Oh fuck. I just spend 45 minutes composing a 10-paragraph reply to jenl1625, and I hit "submit comment" and I got a blank screen. The fucking server squirrels are back.
jen, the crux of my disappeared post is this: The controversy is about creating a blastocyst so you can obtain embryonic stem cells from it. A blastocyst is what is created naturally when a sperm and an egg come together and begin developing into an individual. Therefore, some people don't agree with your statement that when you use somatic cell transfer cloning to create a blastocyst with a full complement of human genes, you have only cloned human "cells" -- they see that you have created, by cloning, a new human individual.
That is the central controversy about Missouri Amendment 2. It's a big controversy with strong feelings on both sides, and I think it's an issue where smart people of good will can disagree.
However, the campaigners for Amendment 2, rather than even attempt to marshall arguments that the blastocysts used in the research are not human indviduals, chose to evade this crucial point of debate entirely, through deceptive language.
They knew it isn't implantation that the opponents would object to -- pro-lifers LOVE it when blastocysts get implanted. They only get upset when blastocysts get treated as mere resources or get dumped in the trash.
So the pro-2s said, "Oh, you don't have to worry about whether we are cloning human individuals to use as raw materials for medical experiments -- the amendment will forbid cloning, period! (Just don't read the fine print and look at our own very extra-special definition of what we mean by 'cloning,' because in fact it constitutionally enshrines the only application of cloning you are actually worried about.)"
In my view, anyone who takes such extraordinary measures to evade an open and honest debate on the central controversy has conceded that they could not win such a debate if one took place. That = sneakiness, and I hate to see such tactics succeed. It will only be further emulated if other slimy people see it as the way to win.
And this liar's triumph is now a fixture of our state constitution. To me, that says the pro-2s wanted to make the measure harder to alter or repeal than an ordinary law -- as if they feared their deception would eventually be found out and attempts would be made to fix or reverse it.
On top of that, BTW, I find the amendment's language about funding to be very unclear. I believe the ballot said the measure wouldn't have an impact on public funds. However, the amendment itself seems to say that the state can't "discourage" stem cell research by refusing to fund it. As far as I can figure, that means stem cell researchers in Missouri now have a constitutional right to mandatory public funding.

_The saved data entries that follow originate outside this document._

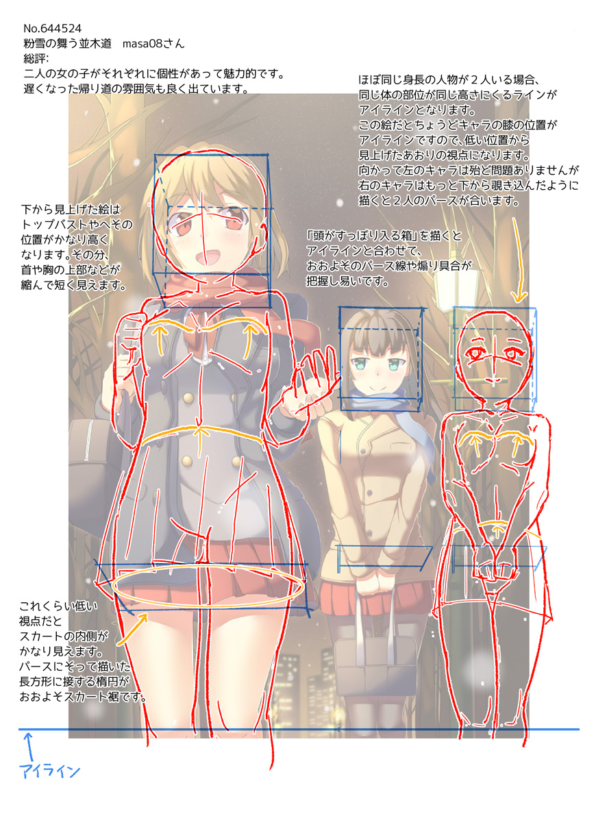 寒さで肩をすくめた様子や、冬らしい色彩、コートをだぶっと着た女の子など、とても魅力的に描けています。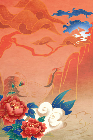 传统中国风插画:丹顶鹤与牡丹花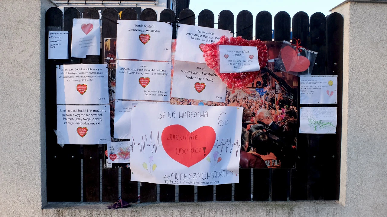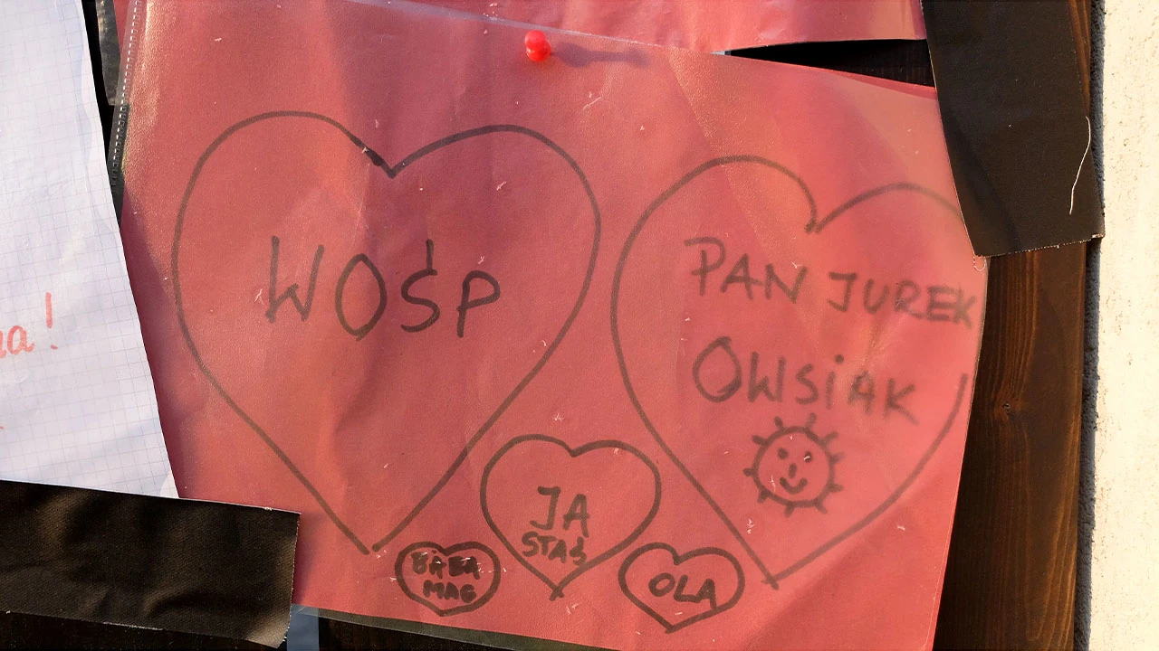 Śródziemnomorską dojeżdżamy do Sobieskiego, a potem skręcamy w Wilanowską by jechać w stronę Górnego Mokotowa. Zatrzymujemy się na Dominikańskiej, przy siedzibie Wielkiej Orkiestry Świątecznej Pomocy. Płot obwieszony jest prośbami by Jurek Owsiak nie odchodził; zapowiedział to w emocjonalnym wystąpieniu po zabójstwie prezydenta Adamowicza.

So not only did the ballot try to trick voters into voting for the opposite of what the ballot described, its passage will require taxpayers to pay for things that roughly half of them morally object to. Yuck.
(This is a partial replacement of my disappeared post. Sorry, the original version was better.)
Stevo,
Okay - I see what you're getting at - Shouldn't have jumped to the assumption I did. Seems like a major part of the problem is that everybody wants to argue issues in soundbites - something nice in 15 or 30 seconds that people are likely to bite onto - rather than actually discussing the issues. (And I should have known better than to argue from the soundbite . . . . Sorry!)
Evan!,
You mean, it's too bad the voters weren't smart enough to agree with you about the mimimumn wage?
FWIW, I'm pretty sure Robert Rubin, Lawrence Summers, and Dr. Duncan Black took Econ 101.
jenl1625, if you're reading this, thanks. This was probably the only civil and honest discussion of MO Amendment 2 EVAR.
Anyway, I will now begin the long, slow process of Getting Over It.